_Data to use_

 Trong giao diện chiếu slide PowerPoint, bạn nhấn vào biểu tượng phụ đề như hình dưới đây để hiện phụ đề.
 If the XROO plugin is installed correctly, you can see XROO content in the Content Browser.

* * *

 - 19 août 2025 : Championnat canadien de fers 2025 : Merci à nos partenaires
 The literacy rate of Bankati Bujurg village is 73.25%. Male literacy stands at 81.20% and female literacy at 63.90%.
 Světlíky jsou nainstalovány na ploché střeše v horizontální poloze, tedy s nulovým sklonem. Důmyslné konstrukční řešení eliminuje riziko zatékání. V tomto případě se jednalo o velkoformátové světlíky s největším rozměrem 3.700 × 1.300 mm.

_Action item_
Return, word for word, the lines of the data above from the line with "The literacy rate" through the line with "Světlíky jsou nainstalovány", inclusive.

_Final answer_
 The literacy rate of Bankati Bujurg village is 73.25%. Male literacy stands at 81.20% and female literacy at 63.90%.
 Světlíky jsou nainstalovány na ploché střeše v horizontální poloze, tedy s nulovým sklonem. Důmyslné konstrukční řešení eliminuje riziko zatékání. V tomto případě se jednalo o velkoformátové světlíky s největším rozměrem 3.700 × 1.300 mm.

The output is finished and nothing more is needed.